Yalçın, “Vereceğiniz kararla bizi değil kendinizi özgüleştirin. Gazetecileri, yazarları yargılamak, hapse atmak, hapiste tutmak hiçbir dönemde hiçbir mahkemeye onur vermemiştir” şeklinde konuşmasını tamamladı.

Barış Terkoğlu: “16 ay boyunca birinin bir şey sormasını bekledim”
Oda TV Haber Müdürü gazeteci Barış Terkoğlu yaptığı talep konuşmasında, “Tutukluluğum 16 ayı doldurdu. 16 ay boyunca bana, tutuklandığım gün savcının sorduğu 5 soru dışında başka soru soran olmadı. Bu soruların bir tanesinin bile örgütle, terörle ilgisi yok. Ama nihayetinde bu sorularla tutuklandım. 16 ay boyunca da birinin bir şey sormasını bekledim. Soran olmadı” diyerek suç delili olarak yer alan telefon konuşmalarına değindi.
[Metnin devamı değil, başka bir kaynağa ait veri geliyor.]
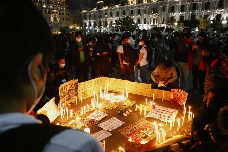 Tras el saldo trágico de la represión, y ante la demanda generalizada del país, Manuel Merino dimitió este domingo a la Presidencia, mientras que el Congreso busca encontrar una salida constitucional a la crisis y hallar un sucesor al presidente. EFE

Ayrıca "PKK'nin içinde seks hayatı" şeklinde bir yazı yazdığının iddia edilmesi üzerine Terkoğlu, “Siz bunu çocuğunuza okutur musunuz? PKK'da seks hayatı Türk toplumuna ne katar. Açıkçası o haberin doğruluğuna da inanmıyorum” dedi.

“Yetiştireceğiz denilen TÜBİTAK raporu neden yetişmedi”
TÜBİTAK raporunun gelmemesi hakkında eleştirilerini belirten Terkoğlu, “Adli bilişimde bir günde çıkan rapor devletin en tepesinde üç aydır çıkamıyorsa o devlet çökmüştür” dedi. Terkoğlu, “Mahkemenin “yetiştireceğiz” dediği TÜBİTAK raporu 100 günde neden yetişemedi? Mahkeme TÜBİTAK’tan rapor istemek için neden 14 ay bekledi? Oysa mahkeme 100 gün ara verip raporu beklemek yerine bu süre içinde tanıkları dinleyebilir, çarpraz sorguyu tamamlayabilirdi. Fakat yapmadı! Neresinden bakarsanız bakın tüm kartlar tutukluluğun uzamasına oynanıyor” diye konuştu.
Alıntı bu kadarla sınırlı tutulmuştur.